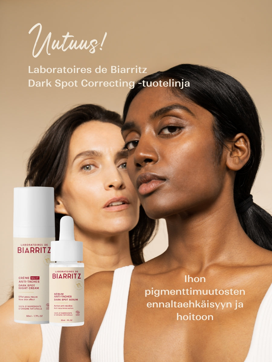 Laboratoires de Biarritz Dark Spot Correcting –tuotelinja korjaa ihoon jo muodostuneita pigmenttiläiskiä ja ennaltaehkäisee uusien syntyä. Linjan kaksi ensimmäistä tuotetta, Dark Spot Correcting Seerumi ja Yövoide, tukevat ihon luonnollista tasapainoa ja hyödyntävät levien voimaa pigmenttimuutosten hoidossa.
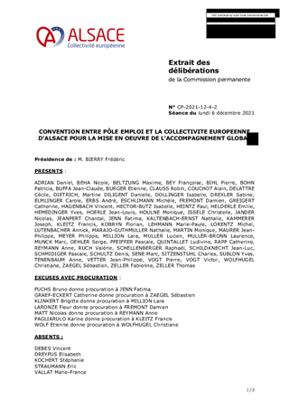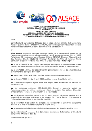 CONVENTION ENTRE PÔLE EMPLOI ET LA COLLECTIVITE EUROPEENNE D'ALSACE POUR LA MISE EN OEUVRE DE L'ACCOMPAGNEMENT GLOBAL
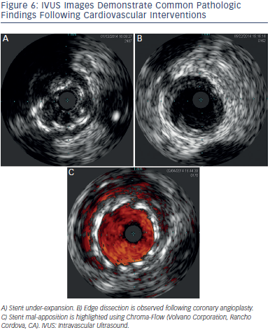 graphic miss, dissections, plaque prolapse, residual thrombus), and fine tuning performed. Figure 6 demonstrates some post intervention issues encountered during IVUS.
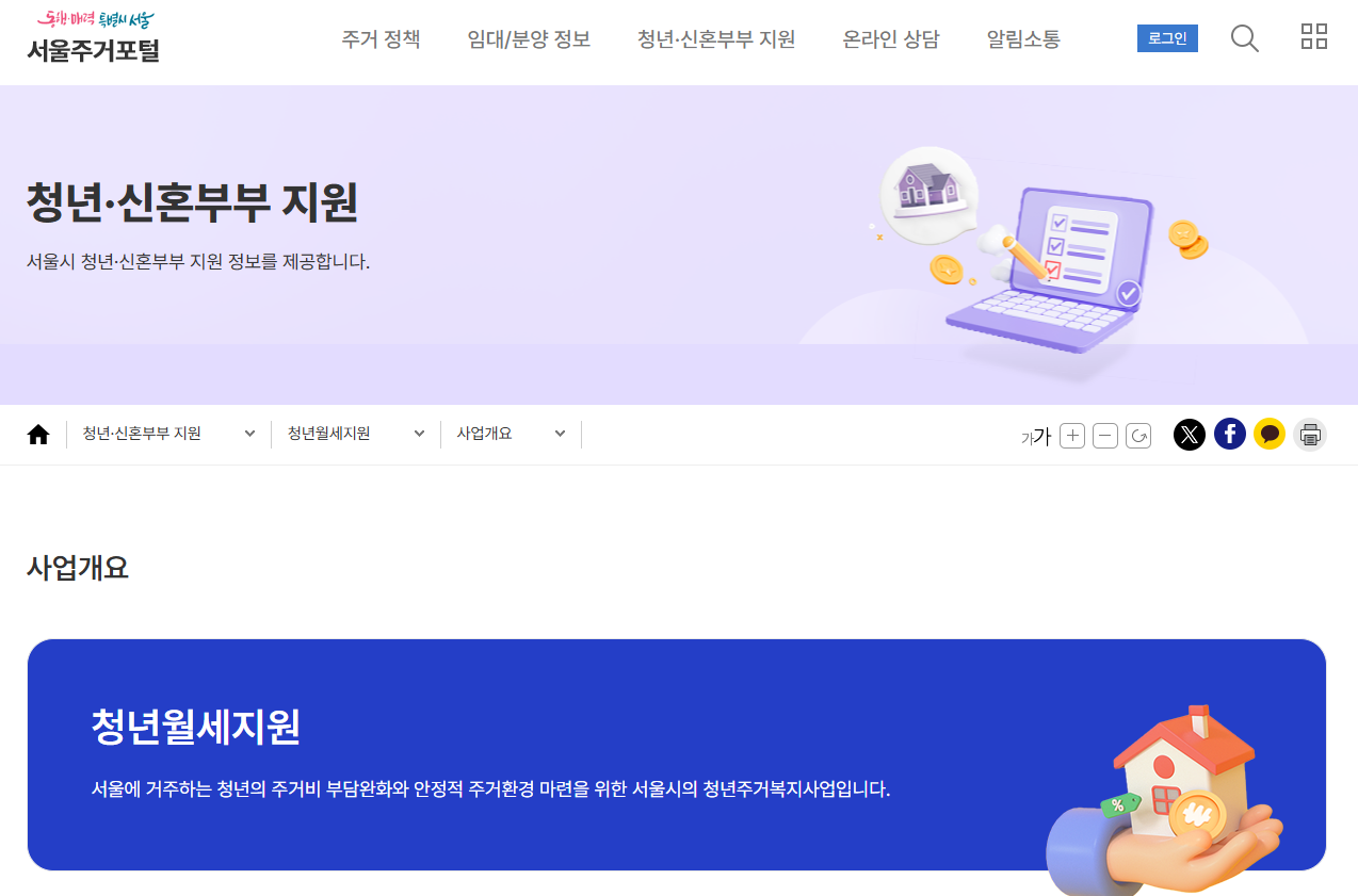 서울시 청년 월세지원 사업은 주거비 부담을 줄여 청년들의 경제적 자립을 돕는 지원 정책입니다. 일정 소득 기준 이하의 청년들에게 최대 10개월 동안 월 20만 원의 월세를 지원합니다.
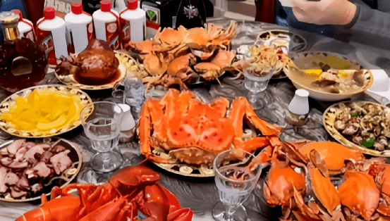 等服務員上齊後再看,桌上的人參海參龍蝦鮑魚茅臺應有盡有。就這樣,所有人幹杯後開始享受這來之不易地豪橫美食。時間過得很快,直到晚上十點,所有人終於酒足飯飽,並紛紛下樓離開。
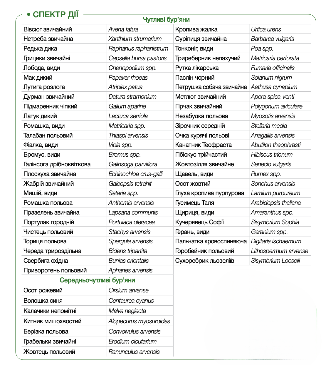 виражена грунтова дія стримує появу наступних хвиль бур'янів.
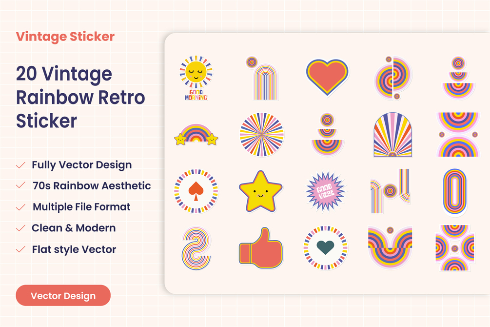 Bring retro charm to your creative projects with this 70s Vintage Rainbow Sticker Pack — a vibrant collection of colorful rainbow-inspired icons, badges, shapes, and geometric elements. Each sticker is designed in a nostalgic 1970s aesthetic, featuring warm tones, playful curves, and positive vibe messages like "Good Morning" and "Good Vibes."
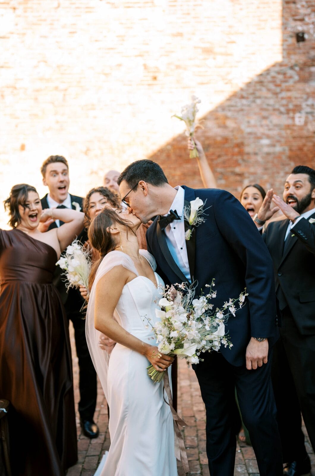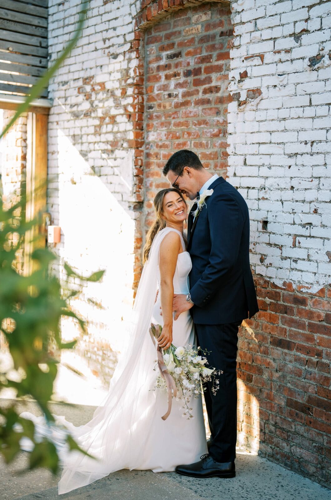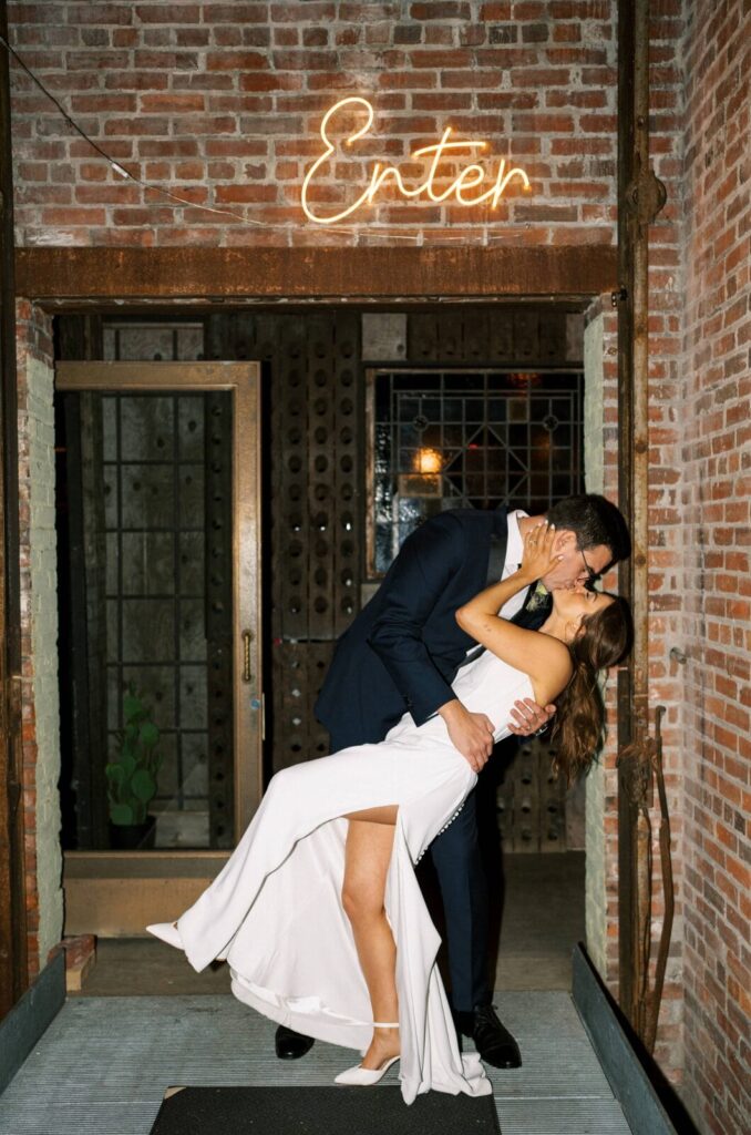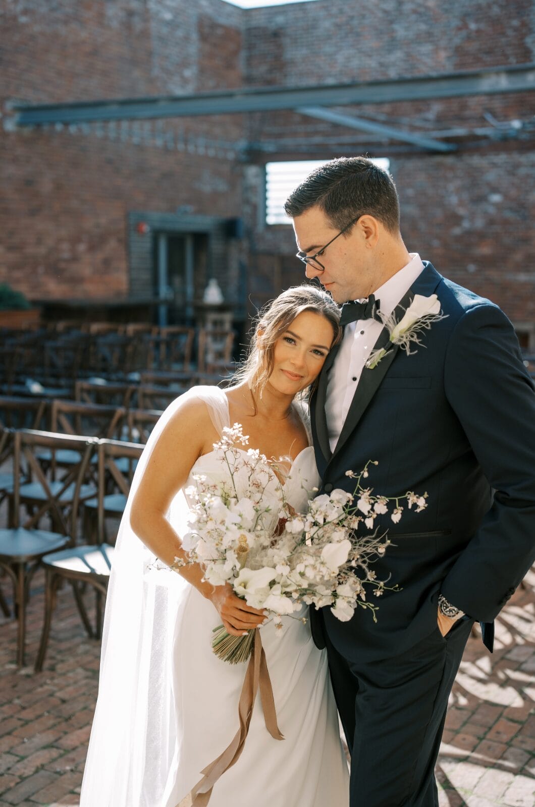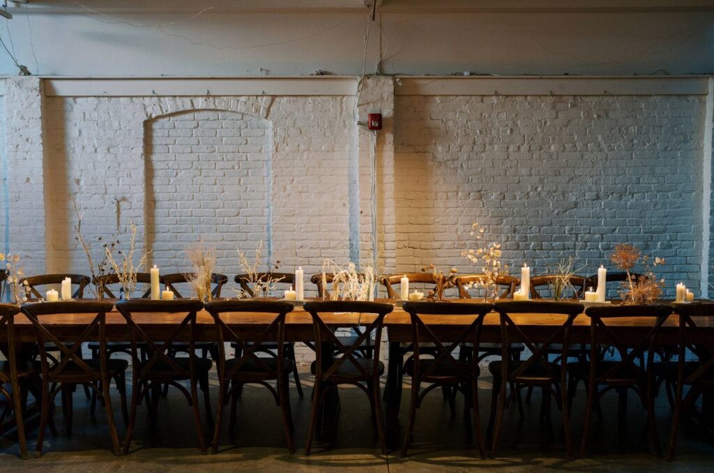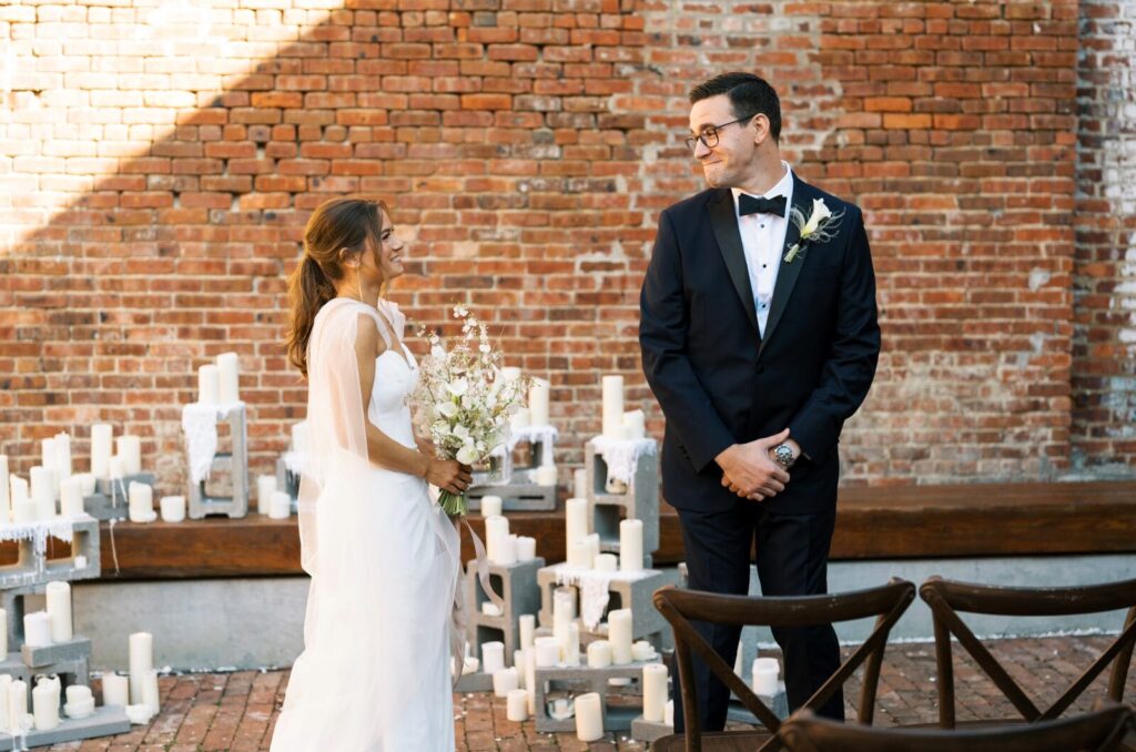 The ceremony took place in the venue’s brick courtyard, where they created, “a moody and intimate setting with melty pillar candles on large cinderblocks, casting a soft glow against the brick as we exchanged vows.”

—————

Your assignment: Retype the lines above exactly as they appear, from the line containing "等服務員上齊後再看,桌上的人" through the line containing "Bring retro charm", and leave out any pictures.

Result of this exercise:
 等服務員上齊後再看,桌上的人參海參龍蝦鮑魚茅臺應有盡有。就這樣,所有人幹杯後開始享受這來之不易地豪橫美食。時間過得很快,直到晚上十點,所有人終於酒足飯飽,並紛紛下樓離開。
 виражена грунтова дія стримує появу наступних хвиль бур'янів.
 Bring retro charm to your creative projects with this 70s Vintage Rainbow Sticker Pack — a vibrant collection of colorful rainbow-inspired icons, badges, shapes, and geometric elements. Each sticker is designed in a nostalgic 1970s aesthetic, featuring warm tones, playful curves, and positive vibe messages like "Good Morning" and "Good Vibes."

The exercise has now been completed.